Writing a parallel program requires partitioning the solution into a number of parallel tasks. Some problems are friendly to parallelization because the tasks can run independently of each other. In other problems the tasks have interdependencies and require coordination.

In a gameplay simulation, the game is modeled using parallel but interacting objects. The state and behavior of an object have huge impact on the objects around it.

What is your motivation for writing a game in parallel would be to make it run faster and do more while it executes. ?  Games and interactive applications process user input while performing a background tasks. User responsiveness can be  very important as well, long-latency components such as I/O or user input.can slow even asynchronous operations down. Axum’s goal is to never make you worry about concurrency but how do you program for that.
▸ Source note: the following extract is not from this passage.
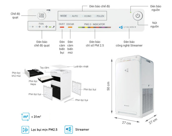 Ngoài ra, các phin lọc được xếp tầng dọc theo thân máy và phủ kín tiết diện của máy, do đó đảm bảo tất cả không khí hút vào đều được đi qua hệ thống phin và lọc sạch trước khi được thổi trả vào không gian phòng.

Especially a GUI (Graphic User Interface) ?

Constructing a parallel GUI handler in Axum

In an Axum program agents are communicate with each other by sending and receiving messages, their communication can be driven by the application logic, the state of the program, the data received from the other agents and so on.

Compare  this with control-flow style model with the dataflow model, where execution of the program is driven only by the availability of the data entering the dataflow network, and the computations are performed as the data moves through the network.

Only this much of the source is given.